Чуж чуженин — страница 42 из 84

– Лучше ответь, княжич, все одно – не отвяжутся. Ель или сосна?

Ратмир тяжело вздохнул и крикнул:

– Ель!

– Добрые вести! – радостно откликнулся воевода.

Звякнула сбруя, раздался короткий топот копыт и отдаленный возглас Хорта, возвещающий о свершившейся свадьбе. Тут же из терема грянул радостный гвалт ликующих голосов, зазвенели бубны, взвизгнули сурны, и Мстислава, ошеломленная и растерянная, спрятала лицо на груди Ратмира. На груди своего мужа.

Мягко рассмеявшись, Ратмир погладил ее по голове.

– Это последнее, обещаю. Больше они от нас ничего не дождутся.

Мстиша приподняла голову и встретилась с ним глазами. Он и раньше смотрел на нее с обожанием, но теперь в его взоре можно было купаться. Свершившееся уходящей ночью навсегда изменило их обоих, сплетя две жизни воедино. Мстиславе подумалось, что нынче они оказались трижды связаны кровью, и была благодарна Ратмиру за то, что он понимал ее чувства и не собирался отдавать на поживу толпы. Вспомнился рассказ Стояны о ее свадьбе, когда наутро при всем честном народе молодого стали спрашивать, ломал ли он лед или топтал грязь, и Мстиша подумала, что не задумываясь ударила бы такого срамника, не посмотрев ни на чин, ни на лета.

– Разбудил он тебя, злодей? – с сожалением проговорил Ратмир, проводя большим пальцем по Мстишиным губам и следом целуя их.
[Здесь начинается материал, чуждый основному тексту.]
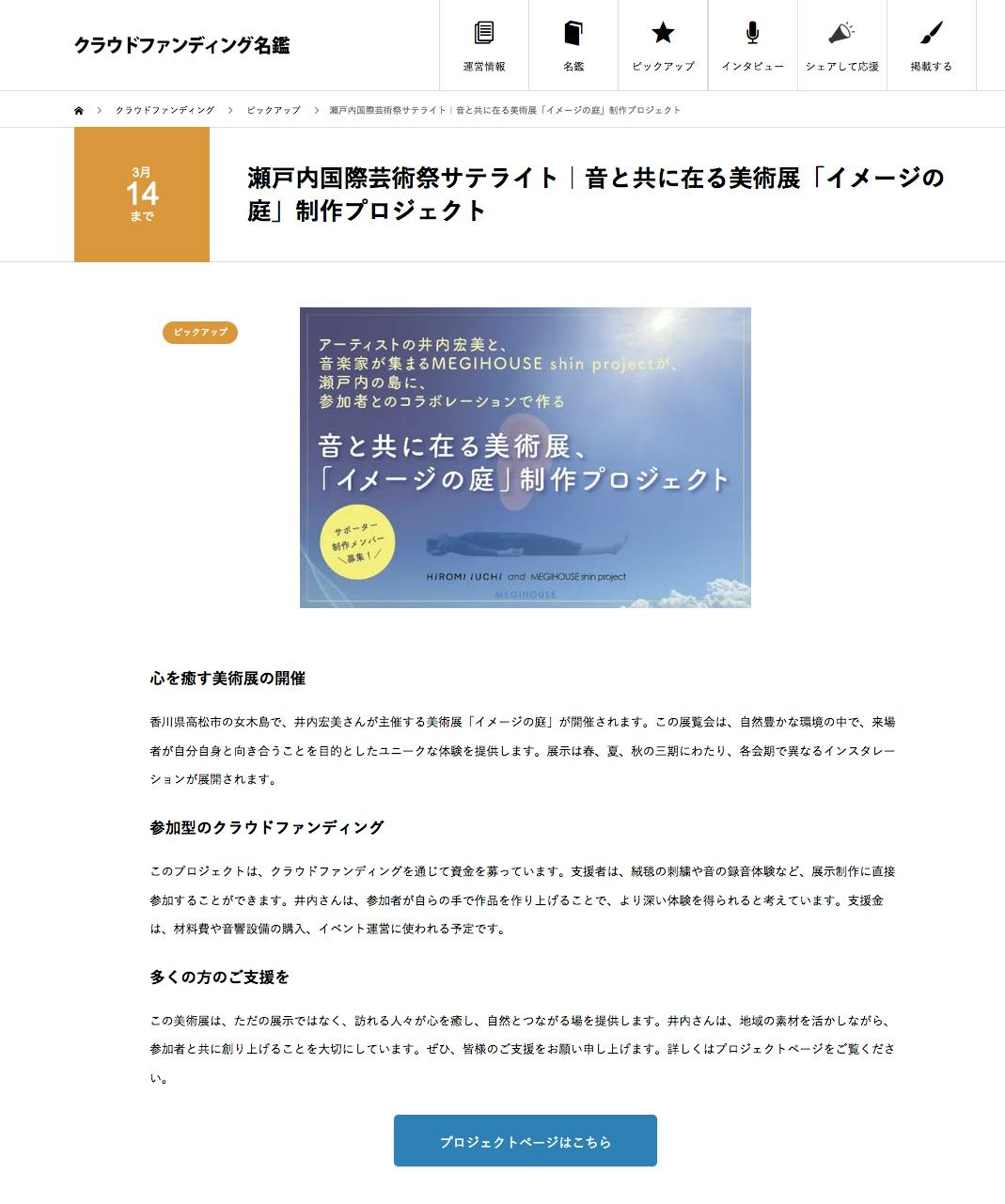 クラウドファンディング名鑑に掲載して頂いています。
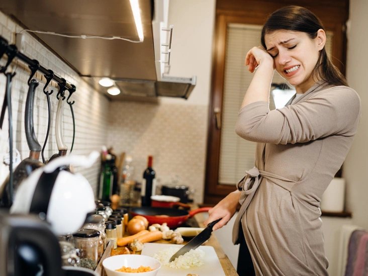 Воздушный поток или даже просто нарезка лука в хорошо проветриваемом помещении может оказаться эффективной, потому что меньше газа попадет в глаза. Вытяжка с высоко поднятым вентиляционным отверстием должна быть оптимальным решением — просто убедитесь, что воздух дует вниз, а не всасывается вверх. И не забудьте открыть окно.
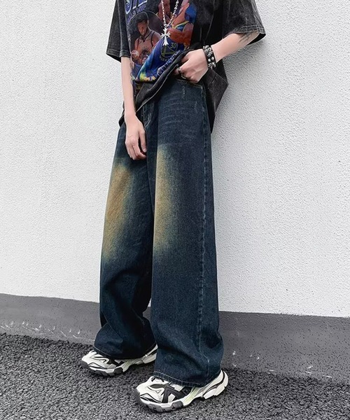 参考商品名:ブラスト加工 ワイドデニムパンツ
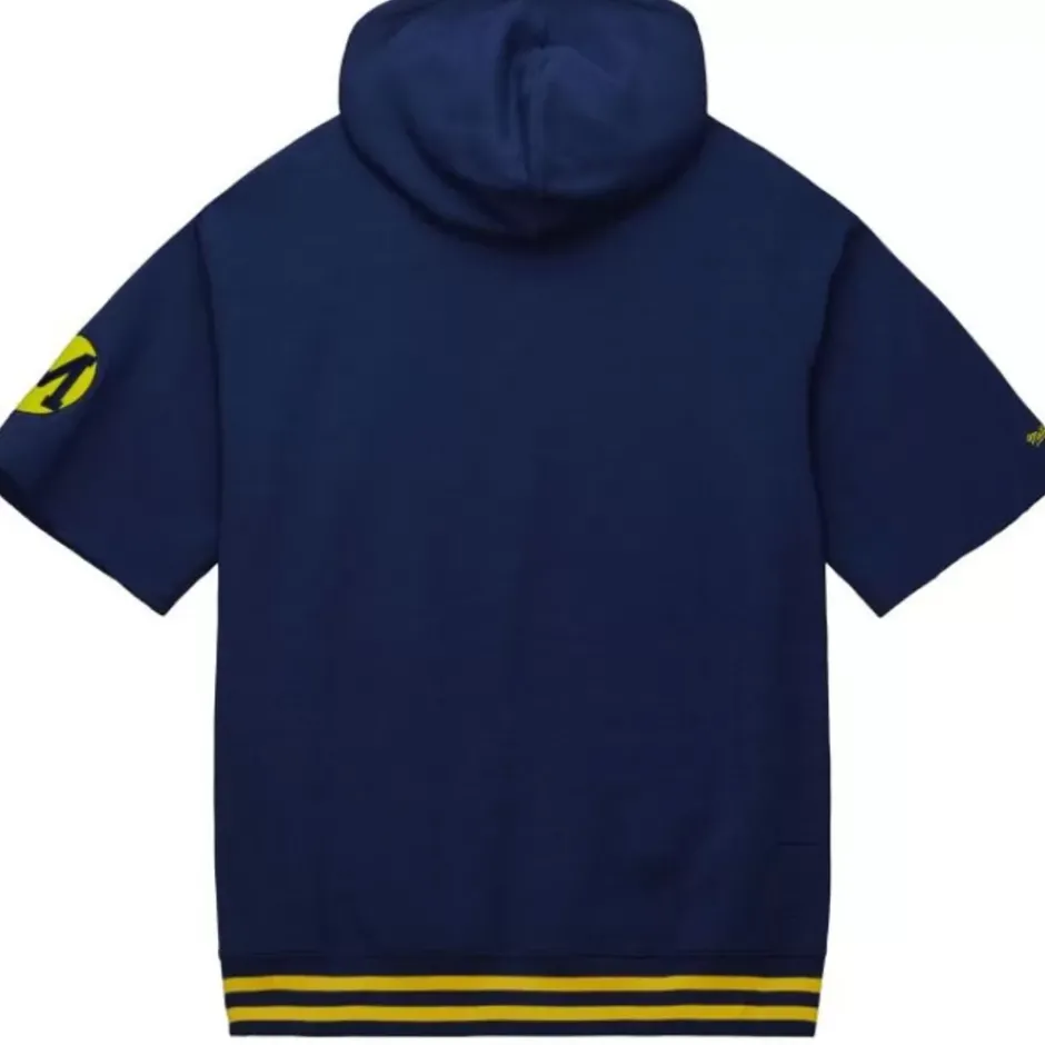 Men Mitchell & Ness Hoodies & Sweatshirts-Pre-Game Ss Fleece Hoodie University Of Michigan
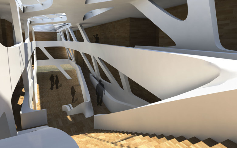 Im Zuge der bei der Faltung entstehenden Verbindungen entwickelt sich ein diese interpretierendes Raumgerippe, das für die statische Konstruktion, die Erschließung und die besondere Identität der Musikuniversität – mit seinen gleichsam musikalischen Schwingungen – sorgt. Ein komplexes Innenleben bei kompakter äußerer Erscheinung lässt auch die Assoziation der Bauweise mancher Musikinstrumente zu.
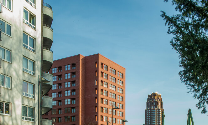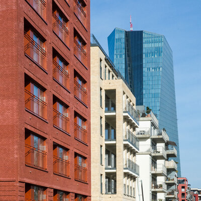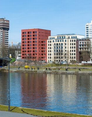 In prominenter Lage direkt am Mainufer realisierten Stefan Forster Architekten 28 Wohnungen und 70 Appartements. Das Projekt „Oskar“ gliedert sich in ein achtgeschossiges Wohngebäude und einen zehn-geschossigen Turm mit Boardinghaus. Zusammen mit dem gegen-überliegenden, revitalisierten Gebäude der ehemaligen Arbeitsagentur fungiert der rote Klinkerbau als Tor zum Ostend. Mit der aufwändigen, profilierten Fassade erinnert das Gebäude an städt-ische Architekturen aus früheren Zeiten.
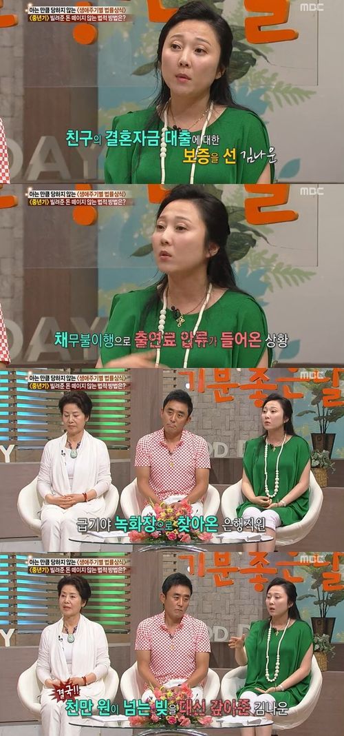 김나운은 10일 방송된 MBC ‘기분 좋은 날’에서 친구 결혼자금 대출한 것에 대해 빚보증을 섰다가 출연료압류가 들어왔던 경험을 공개했다.
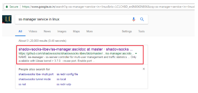 In the highlighted area we can see that there is a service called “ss-manager” which is being run as sudo user. When we searched for this service on Google, we found that it belongs to the “shadowsocks-libev” package, which is generally used as a controller for multi-user management and traffic statistics. It can be seen in the following screenshot.
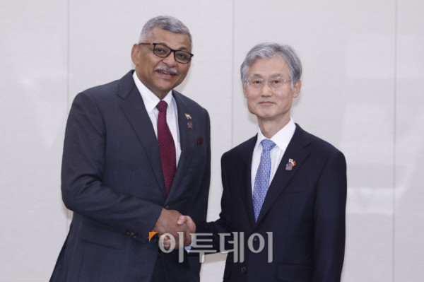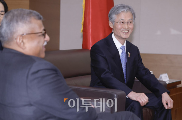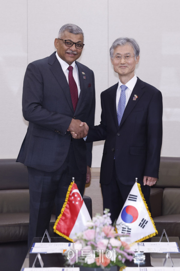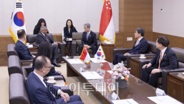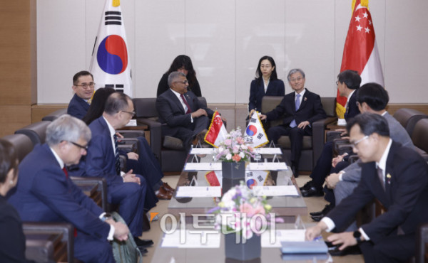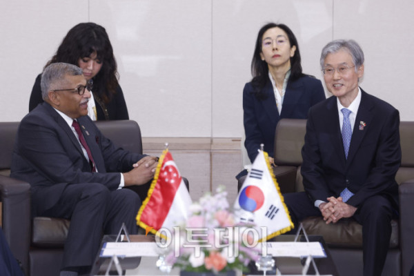 ▲조희대(오른쪽) 대법원장이 11일 서울 서초구 대법원에서 순다레쉬 메논 싱가포르 대법원장을 접견하고 있다. 조현호 기자 hyunho@
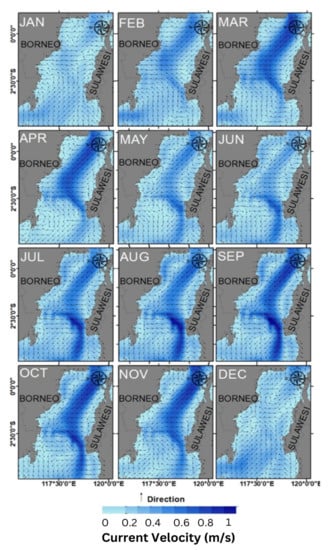 The Spatial Distribution Map of Average Current Direction and Velocity 2015–2020 in the Makassar Strait.
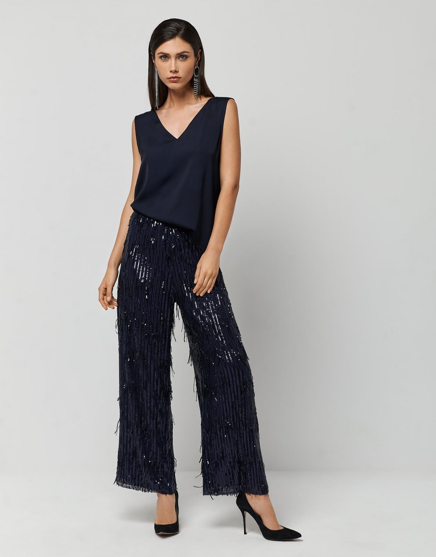 Dancing with lights Roberto Verino | Pantalón Cintas Lentejuelas Azul Noche Mujer
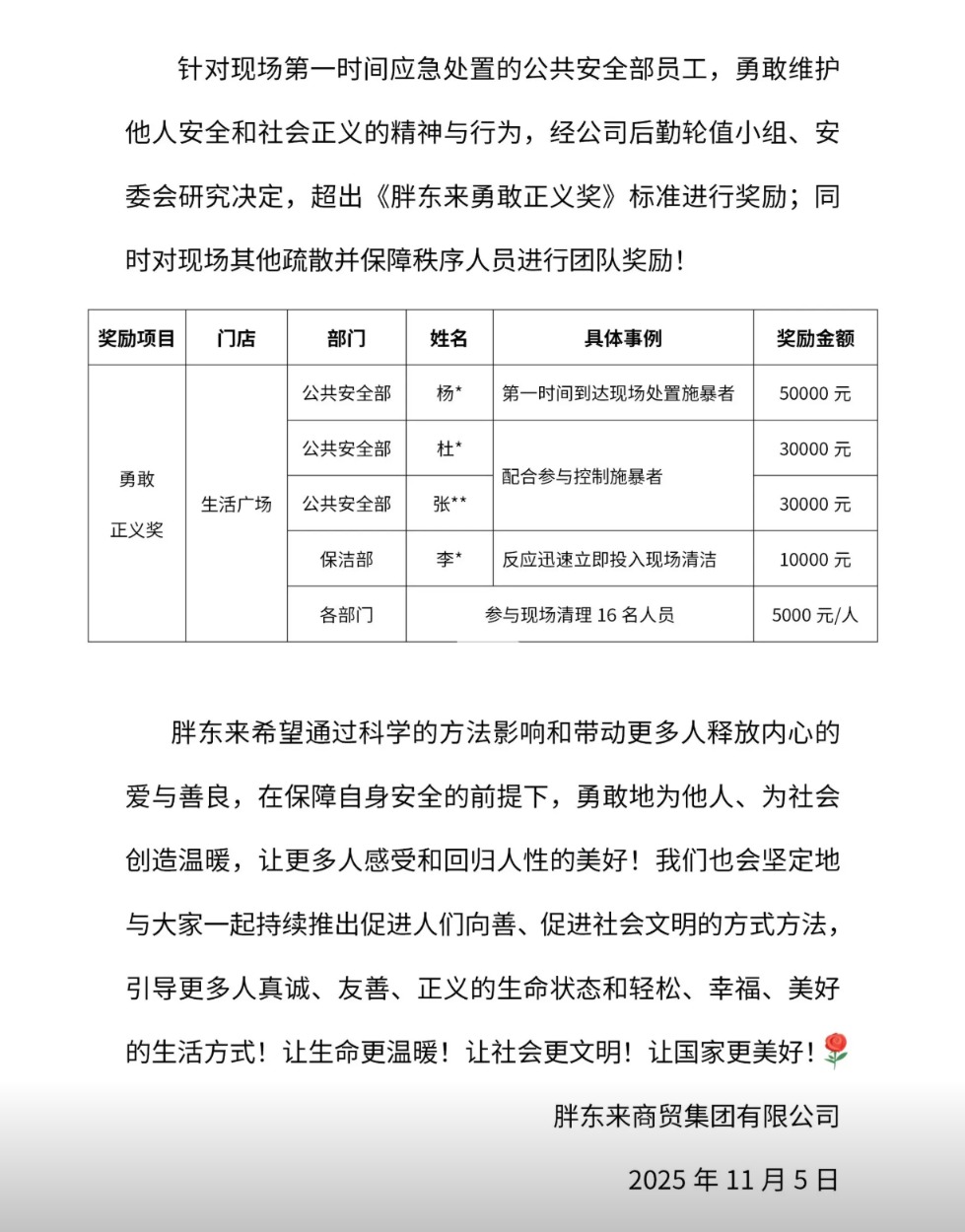 11月5日,胖东来就生活广场故意伤害事件发布员工勇敢正义奖励公示。
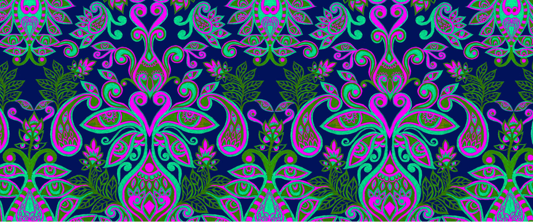 Our lates print design ‘Trippy Paisley print’ was inspired by the magical moving wallpaper in the original 1960s film The Haunting, which cleverly displayed optical illusions of faces and eyes moving within the print of the wallpaper. This bold and striking print fuses together the traditional paisley pattern mixed with a playful optical illusion of eyes within the print design which is truly unique, giving this design a rather mystical feel.
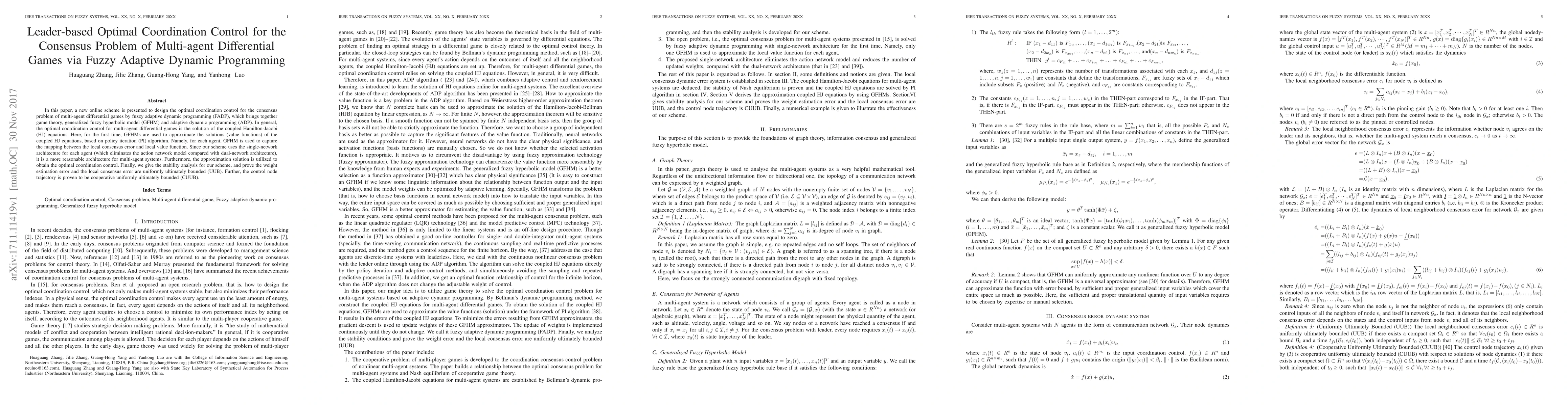 This paper presents a new method for coordinating multi-agent systems using fuzzy adaptive dynamic programming, achieving optimal control through the use of generalized fuzzy hyperbolic models.
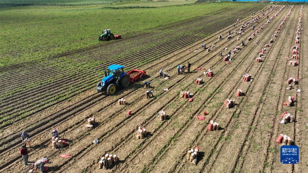 9月3日,河北省圍場(chǎng)滿族蒙古族自治縣御道口鎮(zhèn)御道口村一家馬鈴薯種植合作社社員在收獲馬鈴薯(無(wú)人機(jī)照片)。

Он поднялся с кровати и через миг вернулся с жареной курицей, поставив ее прямо на постель.

– Поешь хоть малость.

Мстиша села, натягивая на себя одеяло, хотя, кажется, Ратмира нисколько не смущала его нагота. В предутреннем свете он выглядел иначе. Резкие тени исчезли, и если вчера все казалось происходящим не наяву, то нынче Ратмир снова стал самим собой. Теперь Мстиша могла рассмотреть его тело, испещренное вязью рубцов, украшенное россыпью родинок, красивое и сильное. Подумав, она позволила одеялу упасть.

Ратмир опустился напротив и вложил ей в пальцы одну из подрумяненных ножек.

– Тяни, – весело велел он, и они с Мстиславой одновременно потащили курицу в разные стороны, разрывая мясо на части. Ратмирова доля оказалась больше, и он засмеялся, когда Мстиша попыталась пихнуть его в притворном гневе.

– Ничего не попишешь, мне быть в семье главным, – все еще смеясь, проговорил Ратмир, отправляя в рот огромный кусок, – не я, судьба так распорядилась!

Мстислава прищурилась и покачала головой, следуя примеру мужа. Только сейчас она поняла, что ее мучил нестерпимый голод. Огни давно погасли, а они жевали курицу, заедая ее хлебом и запивая вчерашним медом, кормили друг друга, пачкаясь и дразнясь. Мстиша не заметила, как в какой-то миг кушанье осталось забыто, а смешливые забавы переросли в страстные поцелуи, и она снова оказалась в объятиях Ратмира. На сей раз все было по-иному. Теперь Мстислава знала, чего ждать, и страха не было, как почти не было и боли. И когда все кончилось и она опять лежала на груди мужа, Мстиша чувствовала лишь сладостную усталость и безграничное счастье. Ратмир бездумно играл с ее прядями, а она, из последних сил борясь со смыкающимися веками, лениво проводила пальцами по его влажной разгоряченной коже.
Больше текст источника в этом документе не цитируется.